Connecticut is investigating Amazon’s practices in the e-books market.

Connecticut’s top law enforcement official said on Wednesday that he was conducting an antitrust investigation into how Amazon runs its e-books business.

William Tong, Connecticut’s attorney general, said in a statement that the state “has an active and ongoing antitrust investigation into Amazon regarding potentially anticompetitive terms” in the distribution agreements the company has for electronic books with some publishers.

The investigation is the latest antitrust inquiry into Amazon to be publicly revealed. Officials in California and Washington have scrutinized how the company treats the independent merchants who use its marketplace. The Federal Trade Commission also has its own inquiry into the company, which critics say has grown into a dominant online retailer by crushing smaller competitors.

A spokesman for Amazon declined to comment. The inquiry was reported earlier by The Wall Street Journal.

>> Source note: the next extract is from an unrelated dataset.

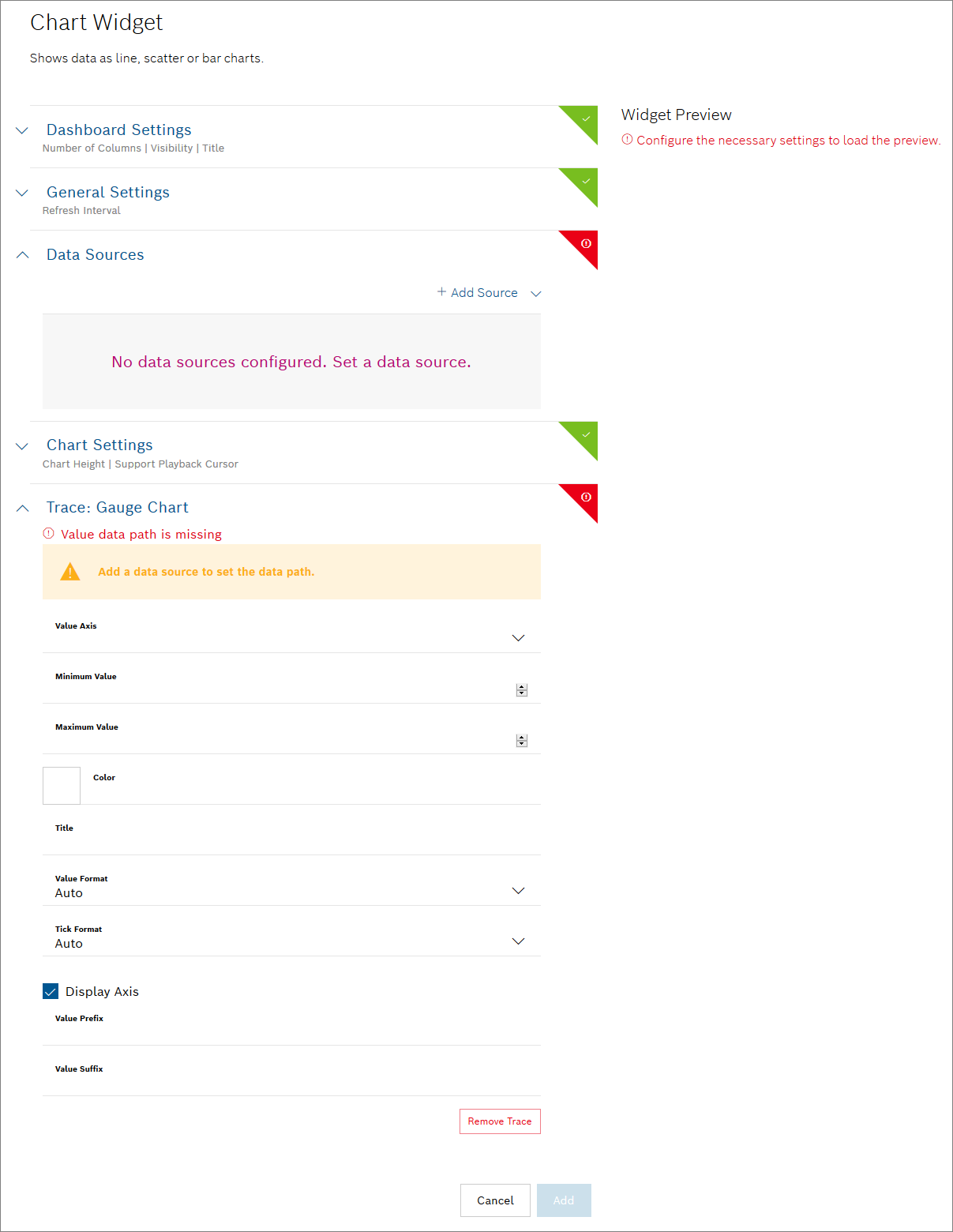 Using the Gauge Chart widget, one value from your data can be displayed, e.g. a signal for pressure, temperature, or speed.

Amazon got its start selling books in the 1990s. It introduced its Kindle e-books reader in 2007. The business quickly attracted regulatory attention. In 2012, the Department of Justice sued Apple, saying it had conspired with major publishers to raise the price of e-books beyond the $9.99 that Amazon charged.

Connecticut was among the states that filed their own lawsuit against Apple. Mr. Tong, a Democrat, said in his statement that his office “continues to aggressively monitor this market to protect fair competition for consumers, authors and other e-book retailers.”